Exercise details:
Exactly the lines from the start of the entries through the line with "- moderan dizajn, organizacija" are required in the output, with no pictures among them.

Available data:
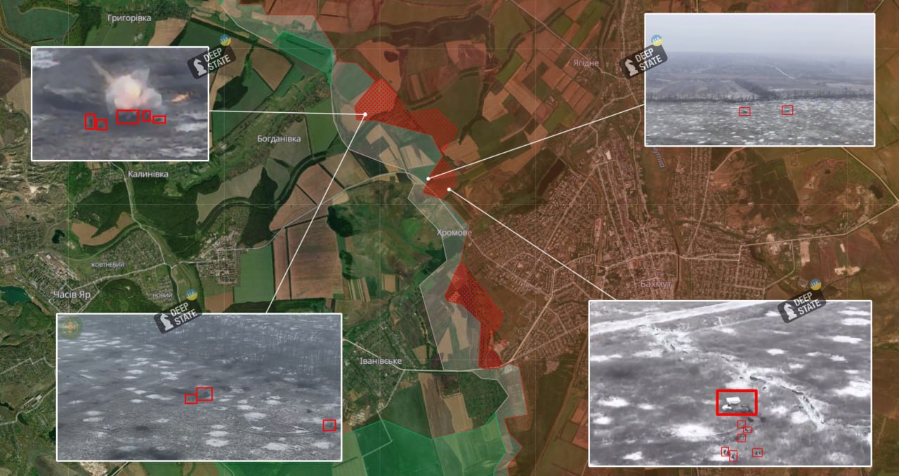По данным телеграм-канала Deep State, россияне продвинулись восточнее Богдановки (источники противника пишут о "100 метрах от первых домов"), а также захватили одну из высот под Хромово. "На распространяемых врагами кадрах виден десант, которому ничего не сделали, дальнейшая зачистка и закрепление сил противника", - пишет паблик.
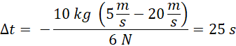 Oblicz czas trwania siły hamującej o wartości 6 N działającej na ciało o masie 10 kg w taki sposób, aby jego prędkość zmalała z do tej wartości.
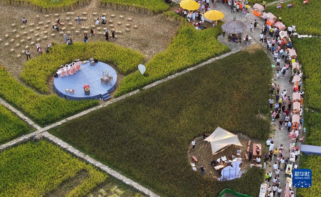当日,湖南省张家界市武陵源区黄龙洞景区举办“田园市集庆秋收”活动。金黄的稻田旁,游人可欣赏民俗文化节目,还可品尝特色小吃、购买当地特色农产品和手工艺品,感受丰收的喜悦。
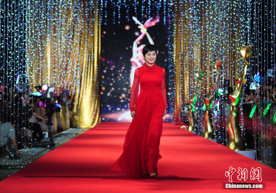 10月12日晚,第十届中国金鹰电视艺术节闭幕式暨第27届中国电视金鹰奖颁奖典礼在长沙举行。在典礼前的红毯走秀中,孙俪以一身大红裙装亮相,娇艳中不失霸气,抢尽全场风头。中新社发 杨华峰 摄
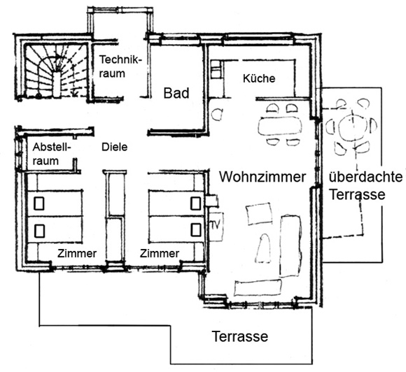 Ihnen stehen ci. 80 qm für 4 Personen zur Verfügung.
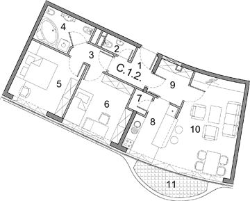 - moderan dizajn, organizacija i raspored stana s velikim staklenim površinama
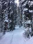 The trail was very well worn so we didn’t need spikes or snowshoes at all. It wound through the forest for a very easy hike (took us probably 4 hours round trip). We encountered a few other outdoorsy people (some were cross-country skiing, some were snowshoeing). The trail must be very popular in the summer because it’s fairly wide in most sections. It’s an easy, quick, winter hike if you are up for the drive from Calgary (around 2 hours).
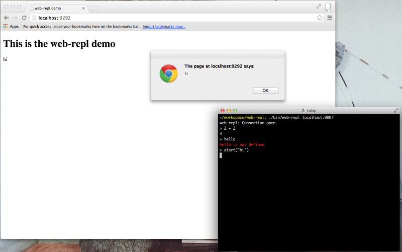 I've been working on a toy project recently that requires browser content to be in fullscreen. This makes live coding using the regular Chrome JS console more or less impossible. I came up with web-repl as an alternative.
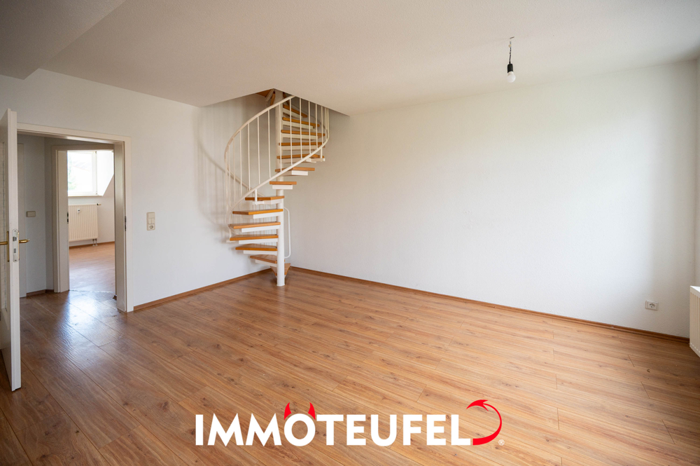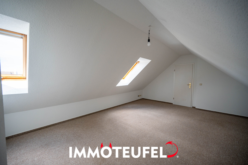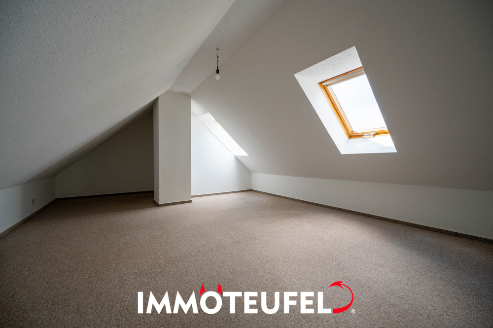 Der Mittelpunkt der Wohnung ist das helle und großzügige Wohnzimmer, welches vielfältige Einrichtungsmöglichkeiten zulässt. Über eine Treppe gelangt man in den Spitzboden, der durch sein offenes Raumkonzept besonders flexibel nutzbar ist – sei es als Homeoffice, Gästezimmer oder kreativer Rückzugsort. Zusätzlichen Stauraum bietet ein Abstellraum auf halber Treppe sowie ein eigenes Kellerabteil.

Result:
По данным телеграм-канала Deep State, россияне продвинулись восточнее Богдановки (источники противника пишут о "100 метрах от первых домов"), а также захватили одну из высот под Хромово. "На распространяемых врагами кадрах виден десант, которому ничего не сделали, дальнейшая зачистка и закрепление сил противника", - пишет паблик.
 Oblicz czas trwania siły hamującej o wartości 6 N działającej na ciało o masie 10 kg w taki sposób, aby jego prędkość zmalała z do tej wartości.
当日,湖南省张家界市武陵源区黄龙洞景区举办“田园市集庆秋收”活动。金黄的稻田旁,游人可欣赏民俗文化节目,还可品尝特色小吃、购买当地特色农产品和手工艺品,感受丰收的喜悦。
 10月12日晚,第十届中国金鹰电视艺术节闭幕式暨第27届中国电视金鹰奖颁奖典礼在长沙举行。在典礼前的红毯走秀中,孙俪以一身大红裙装亮相,娇艳中不失霸气,抢尽全场风头。中新社发 杨华峰 摄
 Ihnen stehen ci. 80 qm für 4 Personen zur Verfügung.
 - moderan dizajn, organizacija i raspored stana s velikim staklenim površinama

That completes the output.